RYAN PYETTE -- Sun Media

, Last Updated: 10:41 AM ET

Daniel Ryder strolled into the John Labatt Centre with the same big playoff beard and confident manner he had last spring.

The only differences for the talented forward is he's back a round earlier -- the Western Conference final rather than the OHL final -- and a member of another team -- the Plymouth Whalers instead of the Peterborough Petes.

"I have good memories of being here," the 20-year-old native of Bonavista, Nfld., said.

That's because his Petes swept London in that OHL final and Ryder, who scored his team's first goal in the final three games of the series, earned playoff MVP honours and a trip to the Memorial Cup in Moncton, N.B.

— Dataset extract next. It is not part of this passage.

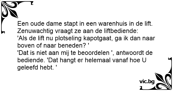 Een oude dame stapt in een warenhuis in de lift. Zenuwachtig vraagt ze aan de liftbediende:

First goals are big for every hockey team. They hardly ever win games but they always help a club get started. Statistics show it's usually a team leader who gets the opener and Ryder, whose brother Michael plays with Sergei Kostitsyn's brother Andrei with the Montreal Canadiens, is certainly filling that role for Plymouth this season.

"You just try to come out and get some early momentum for the team," the Calgary Flames third-rounder said. "That's all there is to it. You try to be prepared and ready to go. If you can score one early for the team, it helps."

In three of four regular season meetings with London this year, Plymouth jumped on the Knights early and often. The Whalers didn't do it last night, trailing 1-0 after the first period because of some penalty trouble.

But Ryder knows from experience this Plymouth team is going to get its share of chances in this series with their big, powerful forwards going against the Knights defence in a best-of-seven series.

"I think there's similarities with this team and Peterborough last year," he said. "The only difference is this team is a little bit bigger. But it's fast and skilled just like our team last year. It was no problem coming in here after being traded. We're all on the same page."

Plymouth, which had not played in six days after dispatching Kitchener in just five games, knew it had to do well in the special teams battle against London and limit the Knights' chances. But like many good teams, the Whalers feel their opposition has to adjust to them rather than the other way around.

"We're more worried about what we're doing than what they're doing," Ryder said.

The Knights are hoping to change that attitude.